Talking Point: Everyone Has A Bad Game They Love, So What’s Yours?


© Nintendo Life

Recently, I set out on a quest to track down a copy of J.R.R. Tolkien’s The Lord of the Rings: Volume 1 for the Super Nintendo – a game that I awarded a paltry 3/10 to some time ago. I didn’t seek out a copy as a strange kind of punishment, or to be ironic – I wanted to re-own it because, despite being pretty terrible, I’ve got a genuine, heartfelt connection with it.

Back in 1994, when Lord of the Rings originally hit the SNES, I was already a seasoned fan of the acclaimed fantasy series. My introduction to Tolkien’s world wasn’t the book trilogy – or even the child-friendly prequel novel, The Hobbit – but Ralph Bakshi’s 1978 animated version of the first two Lord of the Rings books – The Fellowship of the Ring and The Two Towers – and, following this rather uneven (but still beloved) primer to Middle-earth, I read the original books a few years later. By the time I’d hit my teenage years, I was hungry to consume as much media relating to the series as possible – which, back in the early ’90s, wasn’t as easy as you might assume (Peter Jackson’s blockbuster movies were still some way off).

As you can imagine, I was keen to get my hands on Lord of the Rings for the SNES, despite the only other game based on the series that I’d played – War in Middle-earth on my Atari ST – being something of a disappointment. Interplay, the company behind the SNES outing, had already created two Lord of the Rings games for personal computers, but I’d only seen screenshots in magazines and had never actually played them. Therefore, I was entering into the SNES version with a degree of optimism – optimism which only increased the more I read about the grand scope of the game in magazine previews of the period.

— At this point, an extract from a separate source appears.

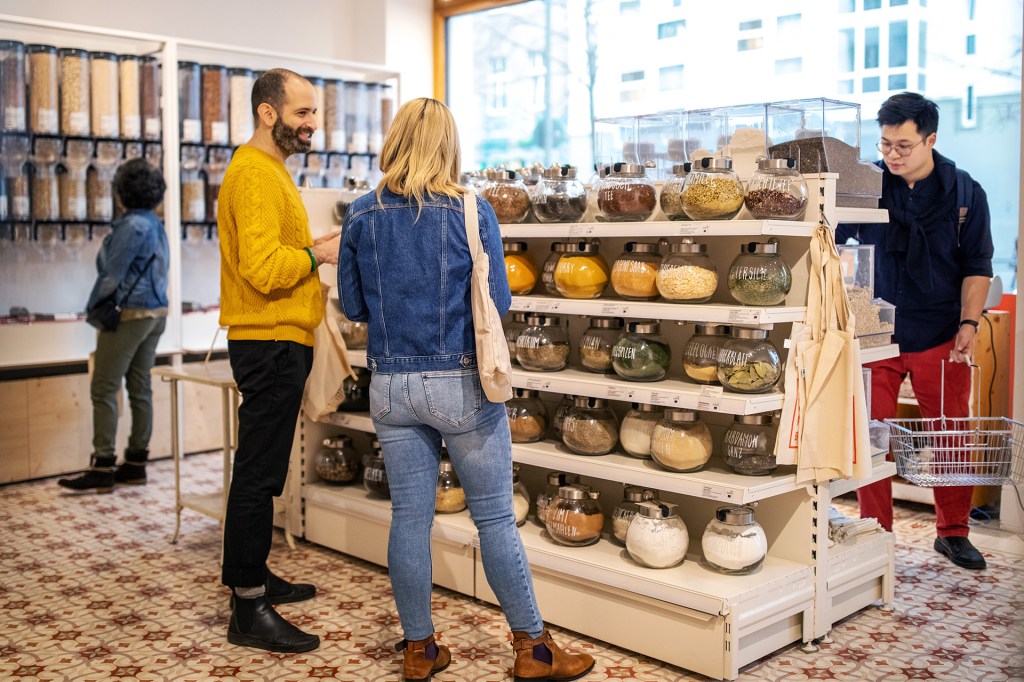 Buy less. Buy only what you need. Choose items with less packaging. This grocery store uses very little packaging.

The release of Lord of the Rings: Volume 1 was delayed somewhat, and by the time it eventually arrived in 1994, excitement was building for the next generation of gaming, with the 3DO and Atari Jaguar already available and the Sony PlayStation and Sega Saturn both looming on the horizon. Still, I was a committed fan and the fact that Interplay’s SNES game borrowed heavily from the 1978 animated film only cemented my desire to actually play it.